A wilp that abandons its responsibilities risks losing its legitimacy in the eyes of the people and the ancestors.
Land as Teacher and Lawgiver
The land shapes our social law:
- **Flood cycles** teach humility and patience.
- **Salmon migrations** teach timing, discipline, and gratitude.
- **Weather and tides** teach preparation and wisdom.
- **Animal patterns** teach respect and coexistence.
- **Sacred sites** teach remembrance and identity.
Ayaawx says the land is not a resource — **it is a relative**. To harm the land is to harm your own future generations.
Teaching Youth Their Rights AND Their Duties
Rights on the land must be taught early, but always together with responsibilities.
Youth learn:
- How to harvest respectfully
- How to return the first fish, berry, or prey
- How to open a site properly before using it
- How to watch for danger
- How to clean, repair, and maintain camp areas
- How to speak with humility when on another wilp’s territory
A young person who knows only rights becomes reckless. A young person who knows responsibilities becomes strong.
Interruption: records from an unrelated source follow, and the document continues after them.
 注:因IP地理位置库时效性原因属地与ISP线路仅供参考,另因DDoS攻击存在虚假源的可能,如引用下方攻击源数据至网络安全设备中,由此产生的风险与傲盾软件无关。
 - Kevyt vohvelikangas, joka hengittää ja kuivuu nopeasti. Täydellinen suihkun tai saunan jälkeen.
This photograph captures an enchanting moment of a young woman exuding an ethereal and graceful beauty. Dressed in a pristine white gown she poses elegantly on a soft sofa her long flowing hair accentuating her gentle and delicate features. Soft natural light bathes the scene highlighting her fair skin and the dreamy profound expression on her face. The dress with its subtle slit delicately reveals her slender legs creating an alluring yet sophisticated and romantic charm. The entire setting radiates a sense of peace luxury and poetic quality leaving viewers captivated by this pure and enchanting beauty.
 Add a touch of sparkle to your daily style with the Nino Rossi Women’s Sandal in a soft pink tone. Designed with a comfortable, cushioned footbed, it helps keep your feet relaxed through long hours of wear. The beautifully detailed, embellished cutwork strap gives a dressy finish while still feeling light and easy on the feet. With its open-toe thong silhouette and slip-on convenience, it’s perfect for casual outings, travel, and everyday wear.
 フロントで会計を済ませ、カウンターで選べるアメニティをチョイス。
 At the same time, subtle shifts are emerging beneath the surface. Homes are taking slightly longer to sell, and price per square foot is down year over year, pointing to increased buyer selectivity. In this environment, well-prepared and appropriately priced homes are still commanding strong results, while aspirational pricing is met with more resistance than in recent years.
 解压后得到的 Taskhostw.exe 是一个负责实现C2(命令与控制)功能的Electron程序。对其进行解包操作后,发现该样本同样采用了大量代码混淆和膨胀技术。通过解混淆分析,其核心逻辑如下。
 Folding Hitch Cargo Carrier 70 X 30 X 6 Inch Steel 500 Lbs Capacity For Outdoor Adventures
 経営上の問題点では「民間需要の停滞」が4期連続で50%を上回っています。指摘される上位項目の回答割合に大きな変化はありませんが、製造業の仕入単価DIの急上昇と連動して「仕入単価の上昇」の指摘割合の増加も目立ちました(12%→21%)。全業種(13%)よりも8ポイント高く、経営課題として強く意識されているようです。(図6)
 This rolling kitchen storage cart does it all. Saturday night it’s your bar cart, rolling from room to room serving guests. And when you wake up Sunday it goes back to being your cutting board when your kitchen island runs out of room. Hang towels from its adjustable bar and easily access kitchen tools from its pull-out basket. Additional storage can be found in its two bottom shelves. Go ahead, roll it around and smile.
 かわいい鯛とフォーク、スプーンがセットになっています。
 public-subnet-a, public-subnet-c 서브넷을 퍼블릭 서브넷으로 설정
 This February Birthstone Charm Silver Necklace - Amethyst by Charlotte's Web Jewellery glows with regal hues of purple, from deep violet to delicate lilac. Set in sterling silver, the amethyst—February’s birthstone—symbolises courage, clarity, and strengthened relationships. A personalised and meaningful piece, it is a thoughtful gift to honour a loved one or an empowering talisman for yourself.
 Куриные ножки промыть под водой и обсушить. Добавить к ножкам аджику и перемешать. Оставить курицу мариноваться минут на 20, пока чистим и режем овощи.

Creating Rights and Responsibilities Today
Even in modern times, we can maintain and restore ayaawx by:
- Re-establishing traditional stewardship areas
- Bringing youth and families back to harvesting sites
- Restoring names, stories, and responsibilities attached to each place
- Creating community-run monitoring of rivers, forests, and waterways
- Challenging outside interference that violates our land-based responsibilities
- Ensuring Elders guide decisions about territory and access
Ayaawx does not change simply because governments change. Rights and responsibilities remain as long as we uphold them.
Summary
- The land gives us rights.*
- The land gives us responsibilities.*
- Our duty is to maintain the balance so future generations inherit both intact.*
This is how Tsm’syen law survives — not by documents alone, but by living our responsibilities on the land every season, every generation.